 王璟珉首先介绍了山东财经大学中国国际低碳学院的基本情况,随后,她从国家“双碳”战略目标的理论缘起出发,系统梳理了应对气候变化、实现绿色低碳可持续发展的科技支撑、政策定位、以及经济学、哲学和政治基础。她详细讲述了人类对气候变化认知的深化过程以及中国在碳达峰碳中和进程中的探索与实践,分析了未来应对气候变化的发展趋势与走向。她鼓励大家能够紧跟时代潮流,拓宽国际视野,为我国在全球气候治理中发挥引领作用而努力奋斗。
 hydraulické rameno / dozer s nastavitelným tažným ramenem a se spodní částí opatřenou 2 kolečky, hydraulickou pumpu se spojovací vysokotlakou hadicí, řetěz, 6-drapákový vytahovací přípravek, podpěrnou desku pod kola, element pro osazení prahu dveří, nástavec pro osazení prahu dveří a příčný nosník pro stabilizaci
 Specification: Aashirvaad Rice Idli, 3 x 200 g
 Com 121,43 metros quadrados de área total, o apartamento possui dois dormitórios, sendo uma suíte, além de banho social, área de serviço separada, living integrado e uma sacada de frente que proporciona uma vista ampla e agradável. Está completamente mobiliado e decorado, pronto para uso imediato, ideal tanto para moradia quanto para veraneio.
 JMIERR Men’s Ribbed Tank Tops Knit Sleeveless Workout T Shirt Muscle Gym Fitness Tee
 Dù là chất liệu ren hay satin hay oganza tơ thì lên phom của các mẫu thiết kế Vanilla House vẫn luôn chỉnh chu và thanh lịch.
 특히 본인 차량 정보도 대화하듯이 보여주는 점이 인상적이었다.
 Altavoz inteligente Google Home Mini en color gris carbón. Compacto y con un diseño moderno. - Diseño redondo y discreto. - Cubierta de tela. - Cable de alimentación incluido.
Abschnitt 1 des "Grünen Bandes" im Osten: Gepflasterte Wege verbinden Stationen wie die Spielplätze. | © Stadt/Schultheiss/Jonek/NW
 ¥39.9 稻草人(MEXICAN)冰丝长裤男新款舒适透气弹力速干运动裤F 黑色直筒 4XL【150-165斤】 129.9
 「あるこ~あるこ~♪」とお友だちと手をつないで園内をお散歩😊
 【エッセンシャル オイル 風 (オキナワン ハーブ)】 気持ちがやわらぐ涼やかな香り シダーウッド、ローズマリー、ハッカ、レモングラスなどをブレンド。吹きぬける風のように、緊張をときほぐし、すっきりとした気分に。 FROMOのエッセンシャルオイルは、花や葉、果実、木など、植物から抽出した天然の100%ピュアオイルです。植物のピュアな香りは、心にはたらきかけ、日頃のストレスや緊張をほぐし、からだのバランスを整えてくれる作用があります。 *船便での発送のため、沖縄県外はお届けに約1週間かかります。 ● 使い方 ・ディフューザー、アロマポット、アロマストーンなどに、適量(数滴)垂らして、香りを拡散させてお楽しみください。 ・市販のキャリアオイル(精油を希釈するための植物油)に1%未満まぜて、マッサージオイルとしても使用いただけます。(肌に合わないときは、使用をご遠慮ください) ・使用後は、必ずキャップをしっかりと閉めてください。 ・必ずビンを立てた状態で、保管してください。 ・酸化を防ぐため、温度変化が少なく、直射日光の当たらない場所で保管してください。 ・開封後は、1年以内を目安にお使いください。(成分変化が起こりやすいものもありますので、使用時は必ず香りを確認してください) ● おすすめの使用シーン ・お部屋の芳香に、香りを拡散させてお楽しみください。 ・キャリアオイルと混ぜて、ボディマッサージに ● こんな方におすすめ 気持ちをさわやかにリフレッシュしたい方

INSTRUCTIONS FOR THE TASK
Output exactly the lines of the data that run from the one containing "Abschnitt 1 des" to the very last line, and no others.

REPLY
Abschnitt 1 des "Grünen Bandes" im Osten: Gepflasterte Wege verbinden Stationen wie die Spielplätze. | © Stadt/Schultheiss/Jonek/NW
 ¥39.9 稻草人(MEXICAN)冰丝长裤男新款舒适透气弹力速干运动裤F 黑色直筒 4XL【150-165斤】 129.9
 「あるこ~あるこ~♪」とお友だちと手をつないで園内をお散歩😊
 【エッセンシャル オイル 風 (オキナワン ハーブ)】 気持ちがやわらぐ涼やかな香り シダーウッド、ローズマリー、ハッカ、レモングラスなどをブレンド。吹きぬける風のように、緊張をときほぐし、すっきりとした気分に。 FROMOのエッセンシャルオイルは、花や葉、果実、木など、植物から抽出した天然の100%ピュアオイルです。植物のピュアな香りは、心にはたらきかけ、日頃のストレスや緊張をほぐし、からだのバランスを整えてくれる作用があります。 *船便での発送のため、沖縄県外はお届けに約1週間かかります。 ● 使い方 ・ディフューザー、アロマポット、アロマストーンなどに、適量(数滴)垂らして、香りを拡散させてお楽しみください。 ・市販のキャリアオイル(精油を希釈するための植物油)に1%未満まぜて、マッサージオイルとしても使用いただけます。(肌に合わないときは、使用をご遠慮ください) ・使用後は、必ずキャップをしっかりと閉めてください。 ・必ずビンを立てた状態で、保管してください。 ・酸化を防ぐため、温度変化が少なく、直射日光の当たらない場所で保管してください。 ・開封後は、1年以内を目安にお使いください。(成分変化が起こりやすいものもありますので、使用時は必ず香りを確認してください) ● おすすめの使用シーン ・お部屋の芳香に、香りを拡散させてお楽しみください。 ・キャリアオイルと混ぜて、ボディマッサージに ● こんな方におすすめ 気持ちをさわやかにリフレッシュしたい方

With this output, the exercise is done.